WADA to send inspection team to Jamaica next week

WADA to send inspection team to Jamaica next week

KINGSTON, Jamaica (AP) — After attempts by Jamaica’s anti-doping commission to delay an inquiry, a team from the World Anti-Doping Agency is scheduled to visit the island next week to begin a special audit of the sprinting powerhouse’s drug testing regime.

Herb Elliott, the chairman of the Jamaica Anti-Doping Commission, said Wednesday that three WADA officials will be on the Caribbean island Monday and Tuesday to inspect the agency in the wake of revelations of a near-complete breakdown of the commission’s out-of-competition testing from January 2012 to the July opening of the London Olympics.

“We have nothing to hide,” Elliott said in Jamaica, where eight athletes have tested positive for banned substances in 2013.

But despite an invitation from Jamaica’s prime minister and WADA’s indication that it was available to visit, JADCO had previously told the Montreal-based organization that an inspection could not be accommodated until early 2014.

The Jamaican agency’s response raised many eyebrows, even prompting WADA President John Fahey to call it “farcical” and “unacceptable” in an interview this week with Britain’s Daily Telegraph.

For his part, Elliott said he was “greatly annoyed” that the WADA official chose to go to the press instead of dealing with JADCO directly. But after he read Fahey’s comments, he said he told WADA Director General David Howman that the inspection team was welcome to “come anytime.”

When asked why Jamaica’s anti-doping commission told WADA it would have to wait months to launch its audit, Elliott said there were a number of factors at the time, including the travel schedule of some commissioners and preparation work for disciplinary hearings for athletes who tested positive.

“We had asked them to postpone it. We have always been very straight with them,” said Elliott, who was Jamaica’s team doctor at the Beijing Olympics in 2008.

On Wednesday, WADA spokesman Ben Nichols said the agency could not confirm dates for the Jamaica visit and declined further comment.

The debate over the rigor of Jamaica’s anti-doping efforts have raged for more than a decade, as the island nation of 2.7 million has consistently racked up more medals in track and field than countries 10 times its size. But this year, statistics compiled by former JADCO executive director Renee Anne Shirley revealed that just one out-of-competition test was done between February 2012 and the start of the London Olympics five months later. She said when she raised various concerns, no JADCO or Cabinet official would take them seriously.

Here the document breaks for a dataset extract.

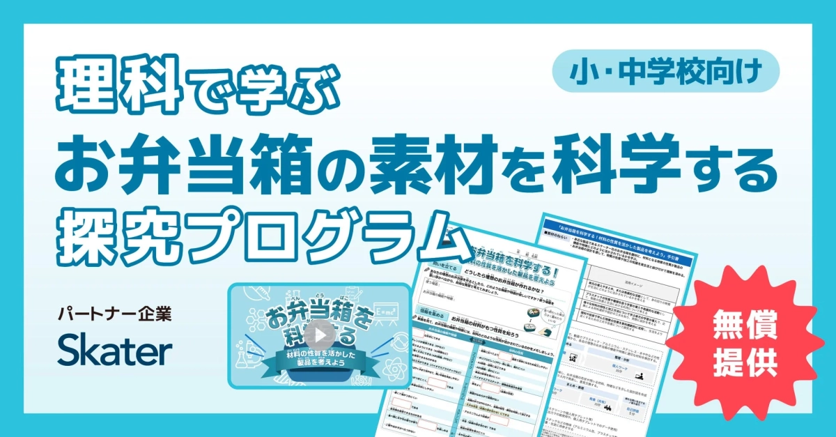今回は、お弁当箱をはじめとした日用品の企画・製造・販売を手がけるスケーター株式会社と連携し、「理科で学ぶお弁当箱の素材を科学する探究プログラム」を無償で提供します。

But the revelations by Shirley were alarming enough to prompt action outside Jamaica. While WADA has audited the island’s testing regime before, Howman has said its new special audit is a direct response to the problems she exposed and to the string of positive doping tests this year. The Jamaican athletes who have tested positive include former world record holder Asafa Powell and Sherone Simpson, an Olympic 400-relay gold and silver medalist.

In the lead-up to the London Olympics, Jamaican stars didn’t go completely untested. The International Association of Athletics Federations, track and field’s governing body, said it extensively tested elite Jamaicans, including the world’s fastest man, Usain Bolt, more than 12 times last year. The IAAF’s out-of-competition testing for Jamaica concentrated on athletes’ training camps and was “robust and comprehensive,” spokesman Chris Turner has told AP. Other agencies decline to say how many tests were conducted on Jamaican athletes in 2012.

Led by Bolt, who became the first man to win both the 100 and 200 at consecutive Olympic games, Jamaica won eight of 12 individual sprint medals in London. Jamaica’s record haul of 12 medals in London surpassed the 11 it won in Beijing in 2008.